私とBさんはこのとき初めて、Aさんが先生へ何の報告もしていなかったことを知ったのです。Bさんも「先生に言っていなかったの!?」と驚き、あきれていました。
後日、Aさんにも先生から直接注意が入り、結果的にBさんは委員を辞退。当初の決定通り、Aさんが委員を続けるかたちに戻ったのでした。
この一件はすぐにママ友の間で広まり、Aさんの「自分の都合で他人を巻き込む無責任さ」が周知されることに。

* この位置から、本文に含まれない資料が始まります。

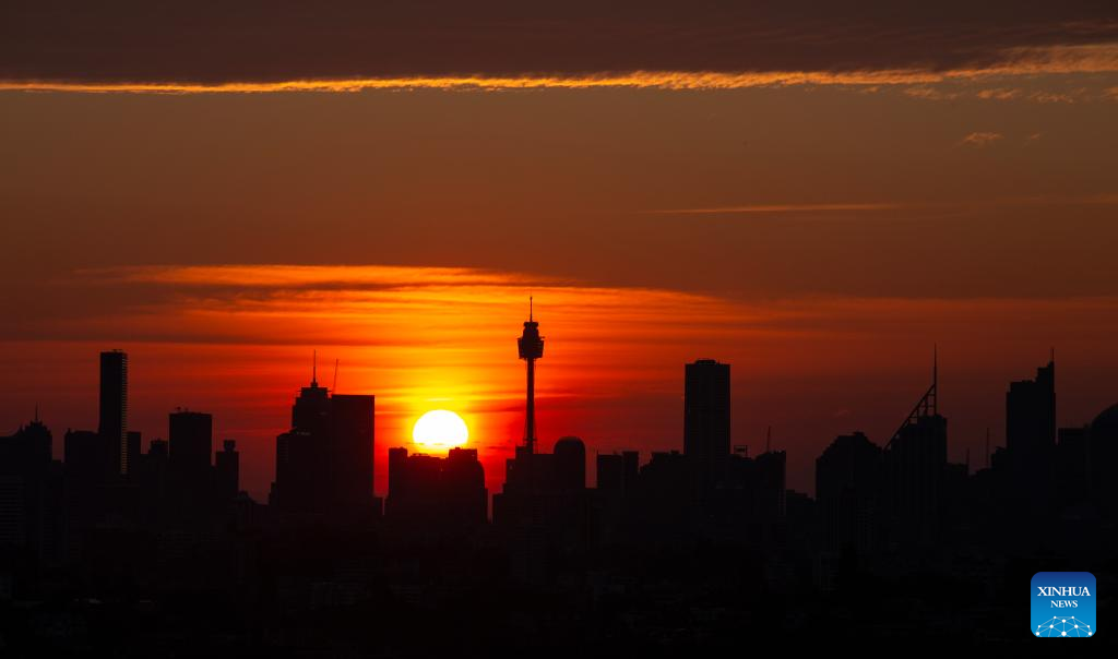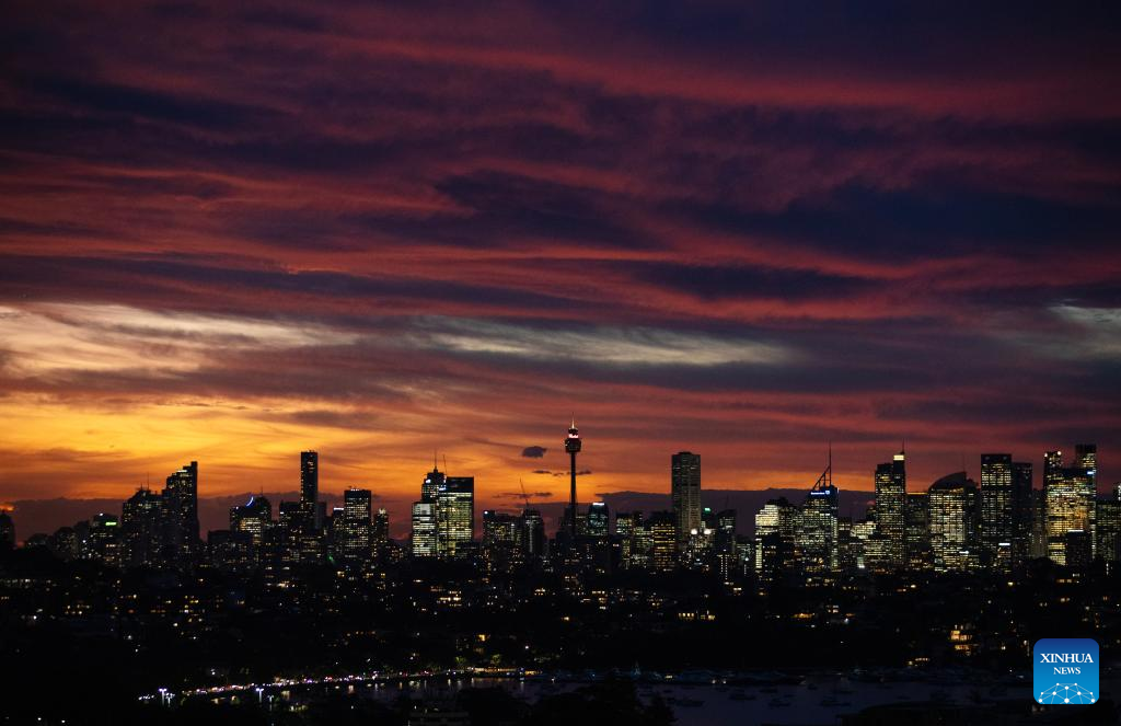 This photo taken on Sept. 25, 2025 shows a view of the skyline at sunset in Sydney, Australia. (Xinhua/Ma Ping)

役割から逃げ、他人に押しつけた結果、学校という公的な場で注意を受けるという結末に、私は「逃げ得は通らないんだ」とスカッとする思いでした。
誰かが担う必要のあるクラス委員。くじで決まった以上、最後まで責任を持ってやり遂げることの大切さを痛感した出来事でした。
著者:新谷けご/40代女性・主婦。2013年生まれの娘、2015年早生まれの息子と夫の4人暮らし。年子育児に振り回されっぱなしの毎日を送る。
イラスト:ちゃこ
※ベビーカレンダーが独自に実施したアンケートで集めた読者様の体験談をもとに記事化しています(回答時期:2025年11月)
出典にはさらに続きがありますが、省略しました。